On Friday afternoon, the House of Delegates voted 65-33 in favor of House Bill 2527, giving final approval to its version of the plan.
“We took a major step forward today in our efforts to put the largest injection of funding into the commonwealth’s transportation system in a generation,” McDonnell said in a statement.
On Tuesday, the Senate Finance Committee approved similar legislation, Senate Bill 1446, sponsored by Senator William Wampler, R-Bristol, and Senator Charles Colgan, D-Manassas. The committee voted 12-2 in favor of the bill. SB 1446 is now before the full Senate.
The plan would not only relieve traffic congestion but also create jobs, McDonnell said.
“We have proposed the single largest investment in our transportation system in a generation,” he said.
The governor said he was pleased with what he sees as growing bipartisan support for his plan.
Of the nine Democrats on the Senate committee, seven supported SB 1146. Five Republicans on the panel also voted for the measure.
The two committee members who voted against the proposal were Democrats Mary Margaret Whipple of Arlington and Henry Marsh of Richmond.
SB 1146 and HB 2527 would fund about $4 billion in transportation projects — with the state borrowing about $3 billion.
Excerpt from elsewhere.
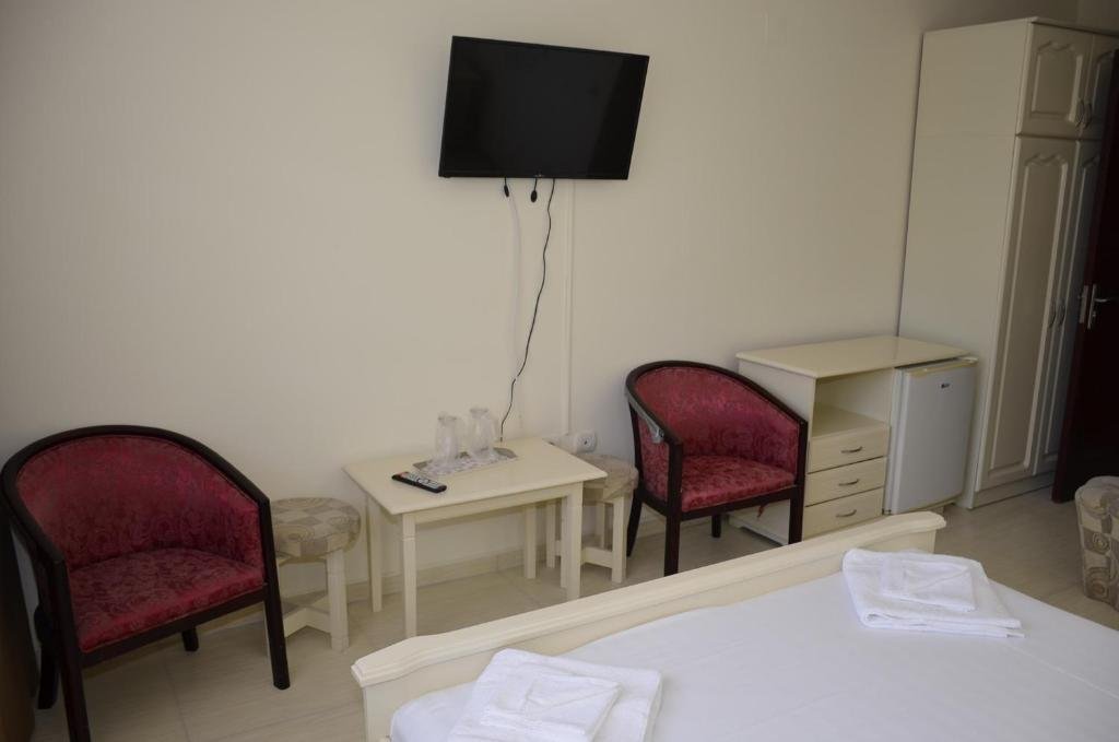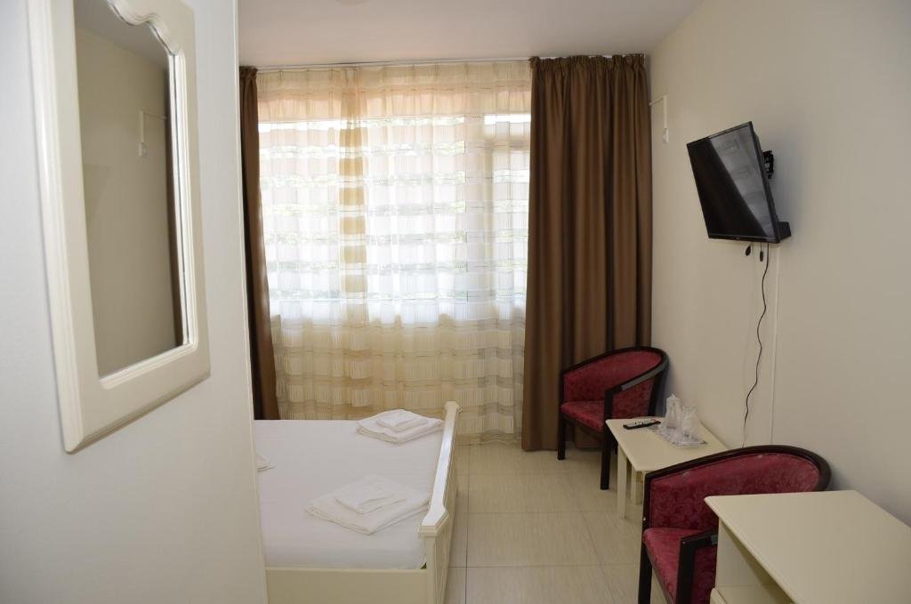 Hotelul dispune de 70 de camere duble pentru cazare cu bai proprii, Tv,frigider si aer conditionat, pardoseli de gresie cu covorase, tamplarie Pvc, mobilier nou deosebit. 20 de camere dispun de vedere la mare. Parcare pazita in curtea unitatii.

The projects would include:
- Widening of I-66 in Northern Virginia
- Extension of HOV/HOT Lanes on I95/395
- Work on the Coalfields Expressway in Southwest Virginia
- Widening and improving of multiple sections of Route 58 in southern and western Virginia
- Work on Midtown Tunnel in Norfolk
They are among 16 “mega-transportation projects” in the plan.
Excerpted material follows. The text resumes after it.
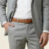 Rodee la zona elegida con la cinta métrica y anote la cifra donde se solapa. También puede medir el largo de su cinturón favorito desde la mitad de la hebilla hasta el orificio que más utilice.
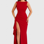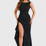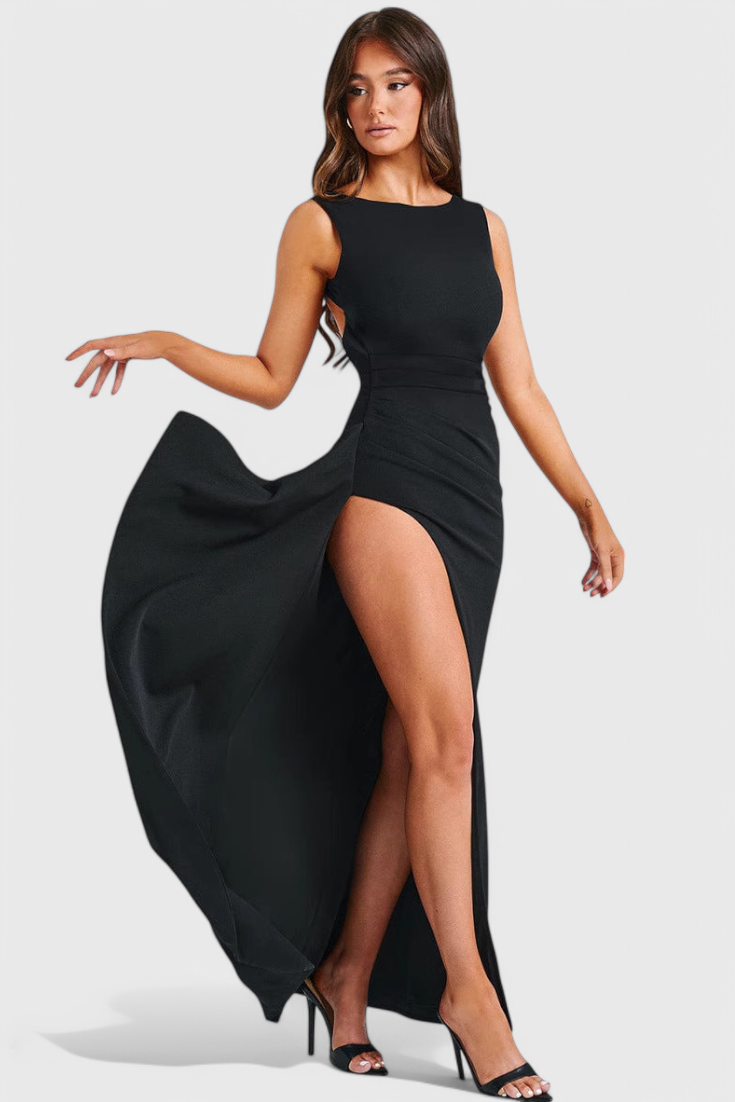 Създадена да очарова, Вечерната Рокля Ивана представлява сложна елегантност. С тясната си силуета, луксозно сатенено покритие и драматичен открит гръб, тази рокля е с пълна дължина и е перфектният избор за излизане. Високият разрез добавя движение и привлекателност, правейки я идеална за гала събития, формални вечери и моменти на червения килим.

McDonnell this week cited a study saying the projects would help stimulate the economy.
Virginia’s economy would expand by $4.1 billion and support about 57,000 more jobs if the 16 mega-projects were completed, according to the study by Stephen Fuller, a professor in George Mason University’s School of Public Policy and director of its Center for Regional Analysis.
“This report recognizes that these types of investments not only impact our quality of life, reduce congestion and make Virginia more attractive to businesses looking to grow in the Commonwealth, but they have a direct impact on our economy and support job growth in these times when Virginia needs it most,” McDonnell said.
But the plan’s critics say it puts the state too deeply in debt. Moreover, the plan would divert money from the state’s general fund, which supports education, law enforcement and other core services, said the House minority leader, Delegate Ward Armstrong, D-Martinsville.
“What we’re doing is robbing schools and taking money away from police officers,” said Armstrong, who voted against the plan.
Locally, Delegate S. Chris Jones, R-Suffolk, voted in favor of the plan. Delegate, William Barlow, D-Smithfield, voted against it. Senator Fred Quayle, R-Suffolk, gave the Senate version of the plan a nod in the Senate Finance Committee.